Tuesday, February 24, 2009

Waitress Again





I spend seven days crawling through a claustrophobic Vicodin cave, while mingling menacing mites reproduce in my muddied pockets, slowly weighing me down.

The eighth day, I stand and turn my pockets inside out. 
The ninth day, I run five miles with an ecstatic dog. The sixteenth day, I receive my workwoman's compensation check.

While I fill out my deposit slip, I realize that this may be the closest I ever come to a paid vacation. A vacation where I do not drink a pina colada and sit on poolside wicker, swallowing up sunshine and bathing my body in SPF 80. But 18 sick days where I drink tap water and sit on the toilet seat, swallowing my Vitamin D capsules and bathing my 3rd degree burn in hydro peroxide.

The nineteenth day, I am a waitress again. I wear three overlapping band aids and my uniform. In the mid afternoon, I clock out and carefully shove my tips deep inside the empty pockets of my jeans. I do not go to the bank. I go home for a slice of banana bread and a nap.


Monday, February 23, 2009

Mad



As if on a roller coaster with defective seat belts, anger holds onto every inhale and exhale with white sweaty knuckles before ordering my goose bumps to solute every strand of hair on my arms and legs.


After a few breathless moments, I clumsily stand, grab the sheet and pillow and walk barefoot into the living room. In the fetal position, I lay on the couch listening to fire trucks. When the quiet returns, I hear three blind mice tap dancing on cement and cocaine behind the couch. I stomp the floor, slap the wall and wait for the toenails of rodents to scratch and scurry away. He walks in. "What are you doing?" He asks.  "I heard mice. I think." I say, noticing then, the old creaky pipe beside me. He walks away, unsure what to think of me, his girlfriend. I follow behind him with my pillow so that I can apologize and we can go to sleep.

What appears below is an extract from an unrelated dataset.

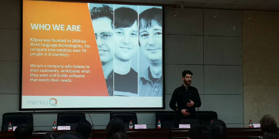 院长于艳英致开幕词,对各位嘉宾的到来表示热烈的欢迎。Kilgray公司联合创始人,memoQ创意总监Gabor Ugray和渠道总监Tomas Ritter分别对memoQ的开发理念和服务器技术进行了介绍,享誉全球的翻译软件培训师Angelika Zerfass就翻译项目创建、术语管理和质量控制等作了十分详实的报告。上海一者信息科技刘宁赫经理对基于memoQ, Trados 的Tmxmall语料对齐技术、在线翻译、语料库管理等进行了图文并茂的释解,并耐心地对与会者提出的问题进行了深入浅出的解答。
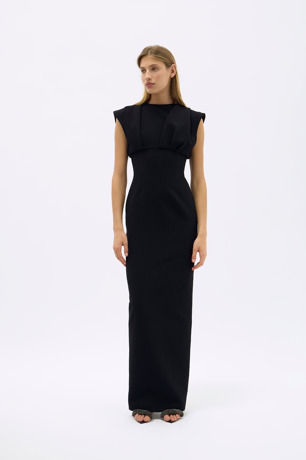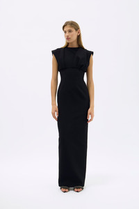 The Maggie gown is everything and more. Sculpted with a ruched bodice with cap sleeves and a flattering empire waistline, it falls to the floor dramatically. You’ll wear the modern classic on repeat for all those upcoming events you have planned. - Fully lined - Light boning below the bust - Some stretch in fabric - V back detail - Back split - Back zip closure - Column skirt silhouette - Maxi length - This style fits true to size Size and Fit Runs true to size, we recommend taking your usual size. Model is 5'10 and wears a Rachel Gilbert Size 1 [AU/UK 8 | US 4]. Fabrication Stretch Crepe 97% Polyester 3% Elastane Care Dry Clean Only See sewn in label for further care instructions

Tuesday, February 17, 2009

The Dress Shop






I call the chit chatting man from the dress shop, Little Italy. And Little Italy calls me the Bandaged Hand Bride, the "I don't want my wedding to be a bother" Bride and the Beat Red Blushing Bride.



Mom and I stand gazing, dazed and confused, at a rack of wedding gowns while Little Italy zips up and down gathering fabric. Then he calls us into the dressing room where, draped down and wrapped up, are eight gowns. Mom and I begin our first dance around the dressing room. I need help dressing and undressing in and out of all eight. "Oh relax, Rachel! My eyes are closed." Mom whispers, squinting her eyes half open as she holds the next dress toward my bare chest. But there's no need for modesty with Mom and so I strip to speed the process. Though, even with our eyes open, we still trip on the trains.
And when I try to look natural in eighty pounds of white satin lace, we can only giggle and giggle until the fabric falls off, until we unzip another garment bag, and until we unbutton and untie another dress.
I decide on the first one and Little Italy pulls the bodice ribbon tight and ties my breath up in a knot.



Later on, my mother and I walk down the narrow carpeted steps of the dress shop, giddy, and I do not stop talking all day.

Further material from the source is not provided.